--- START ---

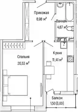 12 684 344 ₽1-к.квартира, 42.91 м², 7 эт.
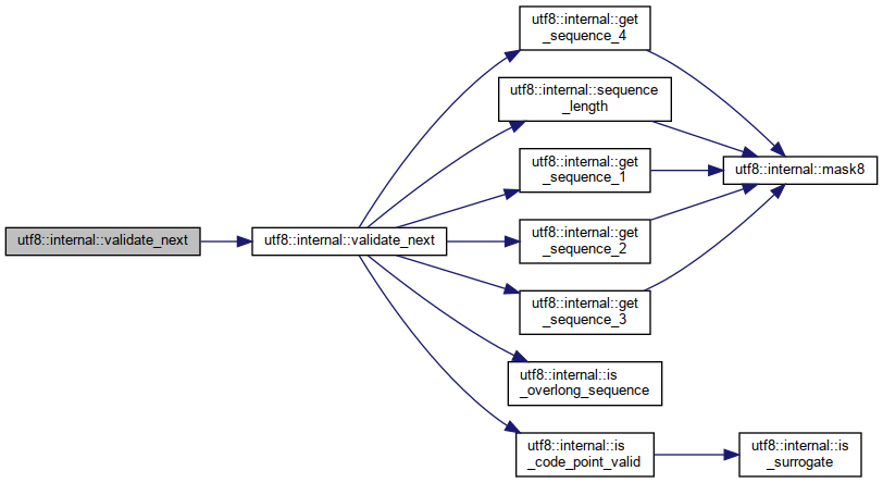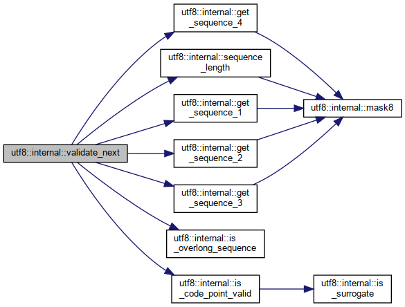 Here is the call graph for this function:| utf_error utf8::internal::validate_next | ( | octet_iterator & | it, |
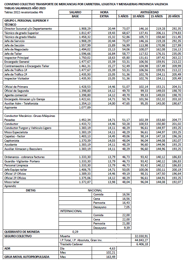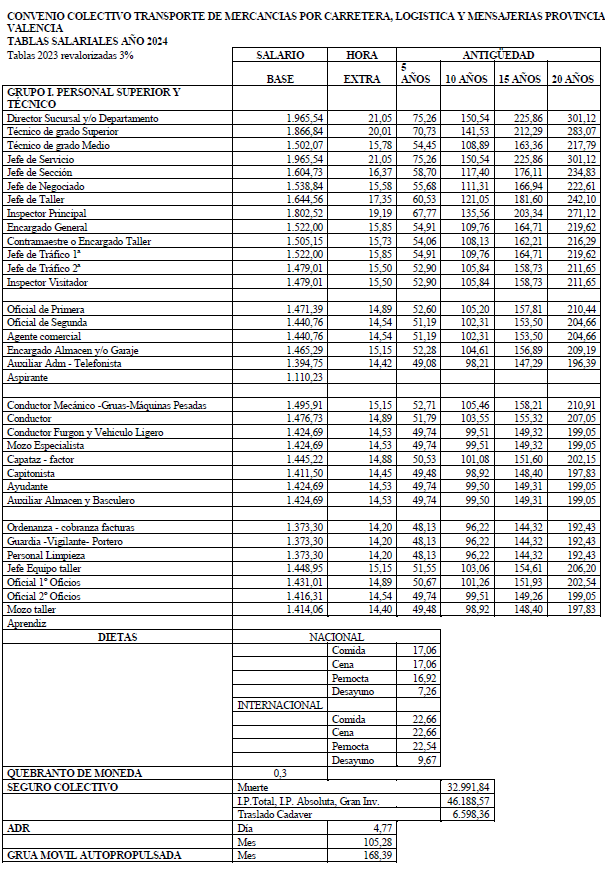Siendo las 12 horas del día 17 de enero de 2024 se reúnen en los locales de la Federación Valenciana de Empresarios del Transporte y la Logística (FVET), los componentes de la mesa negociadora del convenio colectivo para el sector del Transporte de Mercancías por Carretera, Logística y Mensajerías para la Provincia deValencia, que se reseñan a continuación al objeto de formalizar el presente Acuerdo Parcial alcanzado en el seno de la negociación sobre incremento salarial y tablas salariales 2024.
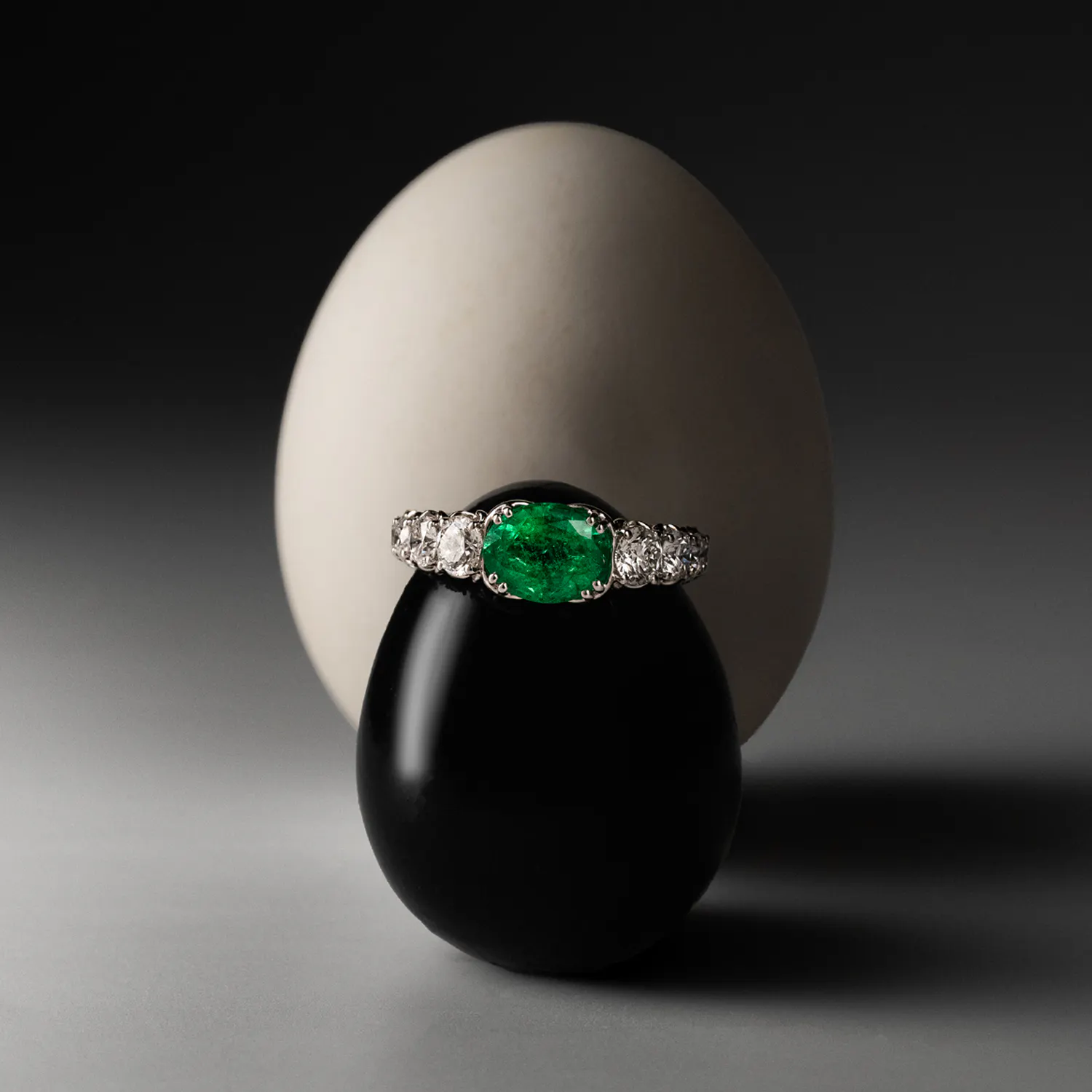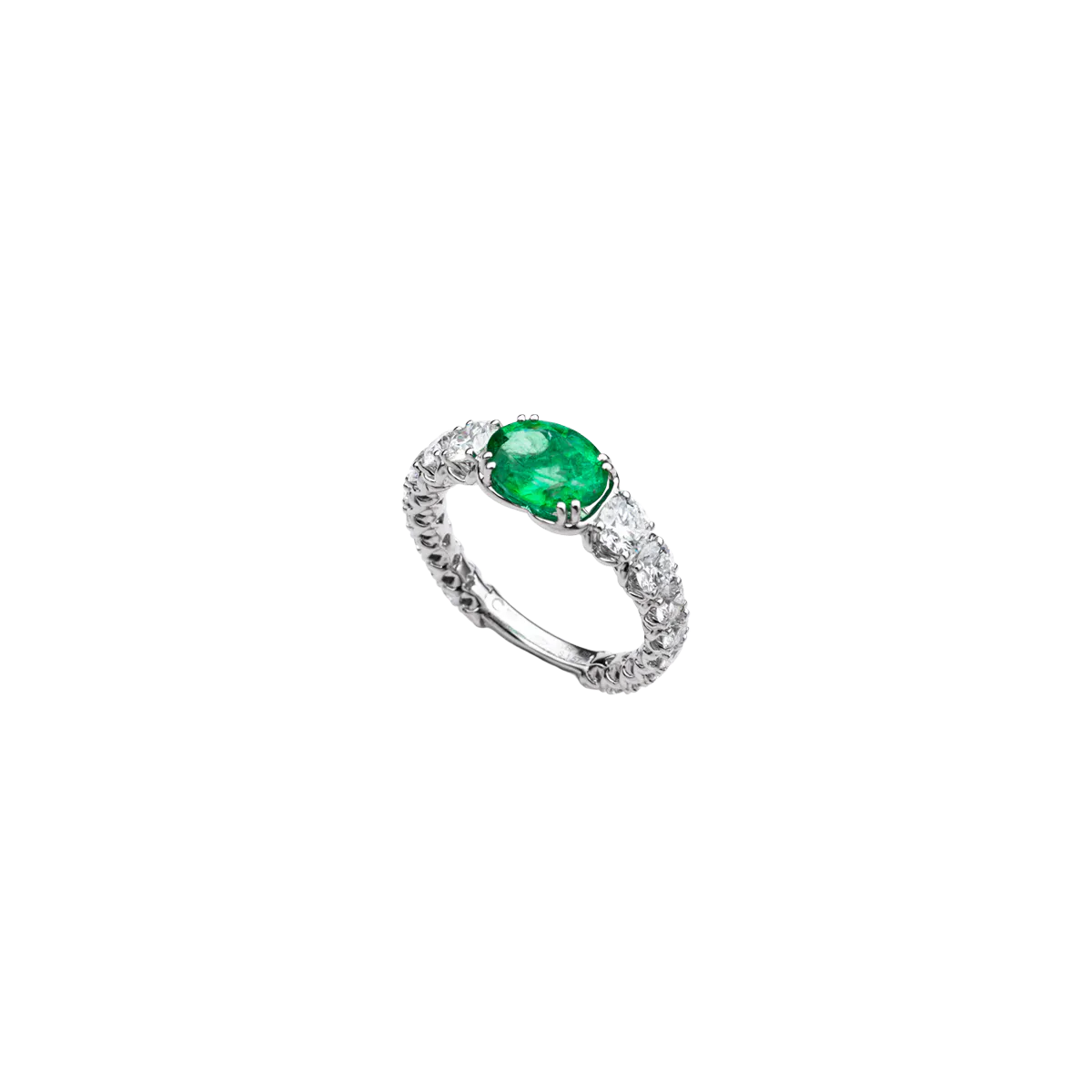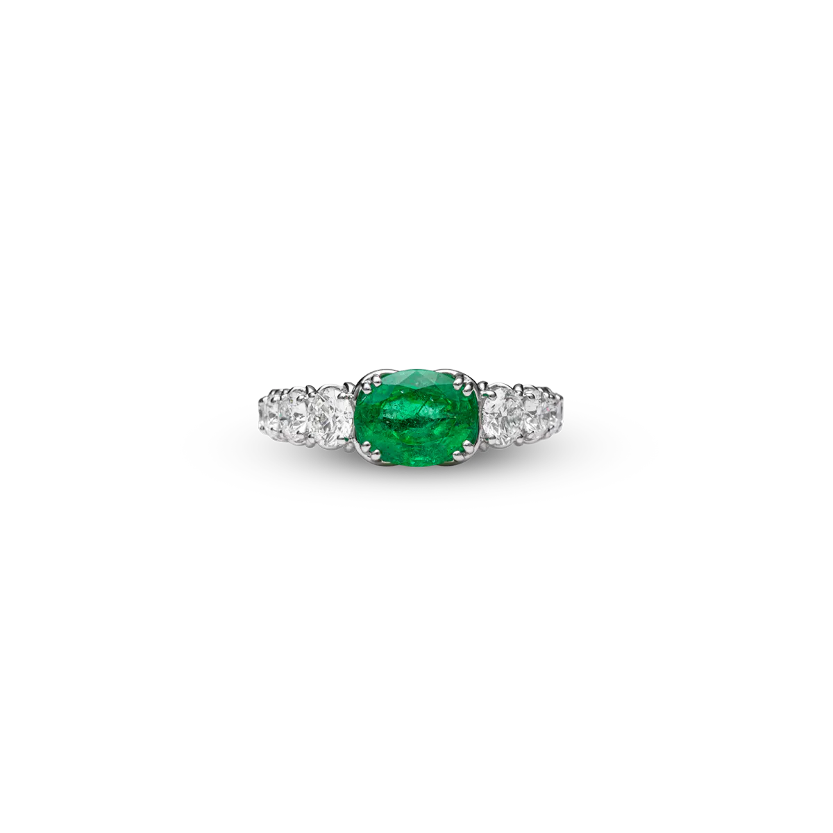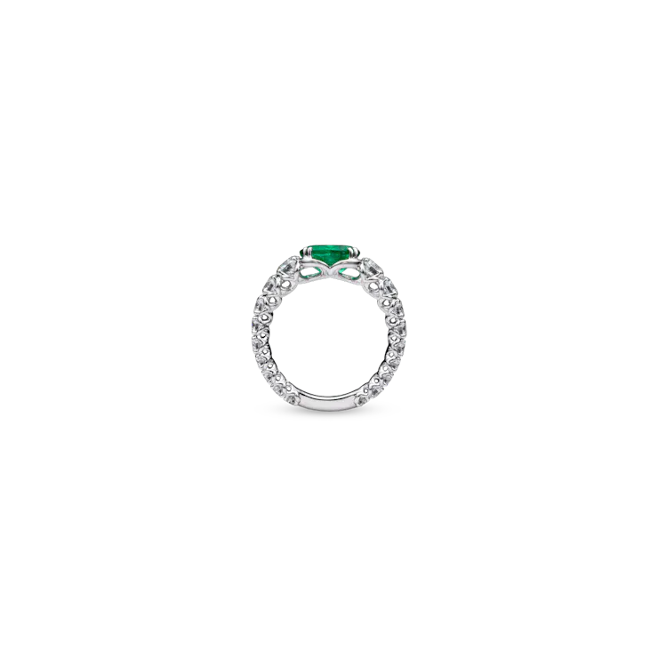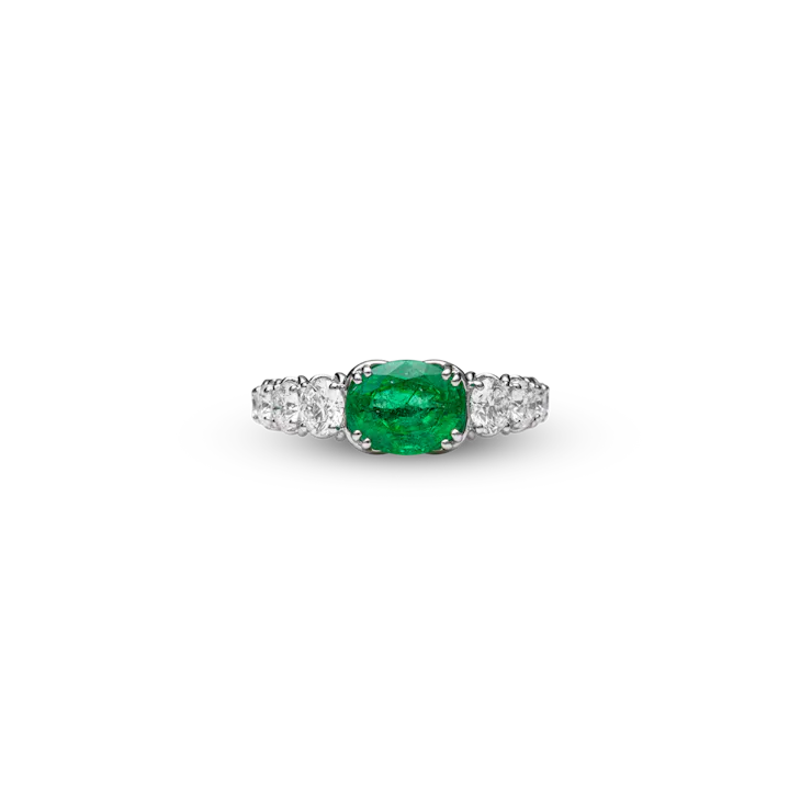 Der "Esmera" Ring ist gearbeitet in 18 Karat Weißgold und ist besetzt mit einem Smaragd im Oval-Schliff von insgesamt 1,57 Carat und mit Diamanten im Brillant-Schliff zu insgesamt 1,88 Carat.
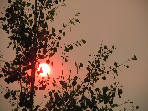 The camera does its best, but we could not capture the dirty grey color of the sky with the bright red-orange color of the sun.
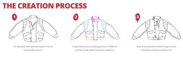 根據Funimation官方表示,此款外套是於義大利設計,德國製造,並由DYBEX S.A.董事總經理Carlo Levy、Van Doornum GmbH & Co. 董事總經理 Stefan Henzgen,以及知名設計師Alessandro Trombetta三方共同研討設計出的成品,不僅還原了在動畫電影中的風格,布料上所採用的真皮更是提升了整體的時尚性,只不過唯獨背後那藥丸圖案並未在該款夾克中呈現出來。
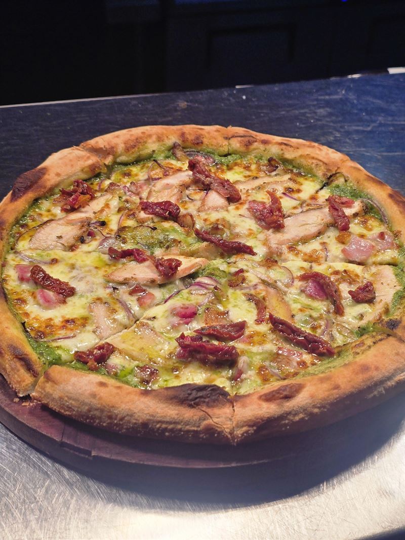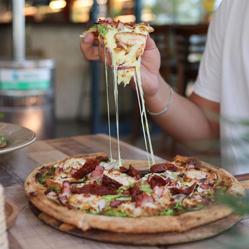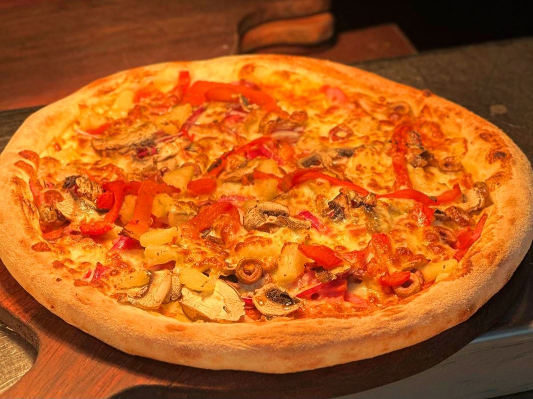 Gourmet pasta and pizza such as the Florentina with Napoli sauce, mozzarella, ham, salami, pineapple, roasted capsicum, red onion, mushroom and olives.
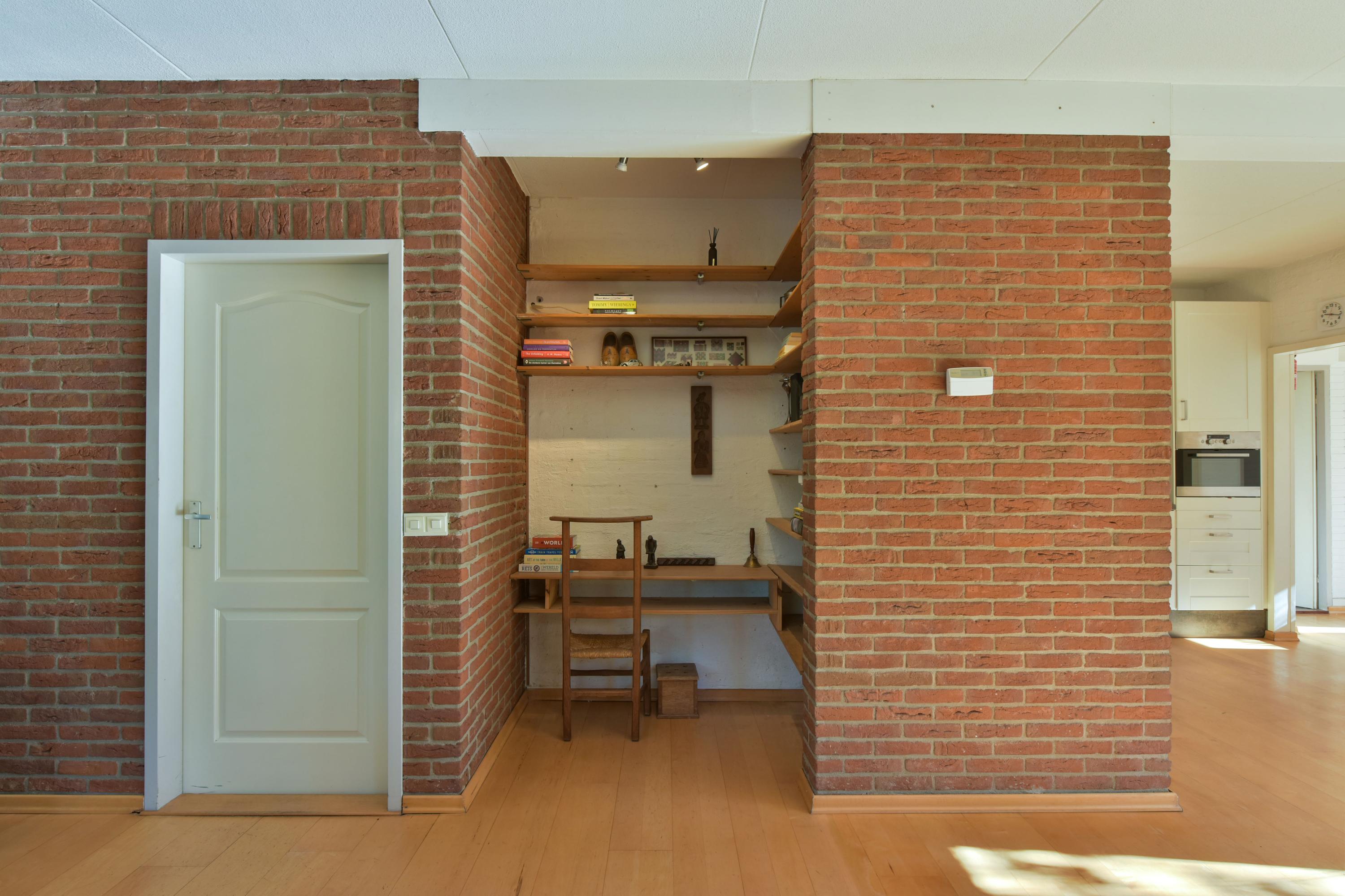 The office on the ground floor is a quiet and comfortable space — ideal for working from home, studying, or hobbies. At the front, the square-shaped living room offers a cozy atmosphere with a wood-burning stove. A recessed nook adds a playful element and is perfect as a reading corner, workspace, or children’s play area. At the rear, a door leads to the garden, seamlessly connecting indoor and outdoor living on sunny days.

--- END ---

PROBLEM TO SOLVE:
Above are some records; quote exactly and only the lines that begin at the line containing "insgesamt 1,88 Carat." and stop after the line containing "The camera does", leaving out the pictures.

YOUR RESPONSE:
 Der "Esmera" Ring ist gearbeitet in 18 Karat Weißgold und ist besetzt mit einem Smaragd im Oval-Schliff von insgesamt 1,57 Carat und mit Diamanten im Brillant-Schliff zu insgesamt 1,88 Carat.
 The camera does its best, but we could not capture the dirty grey color of the sky with the bright red-orange color of the sun.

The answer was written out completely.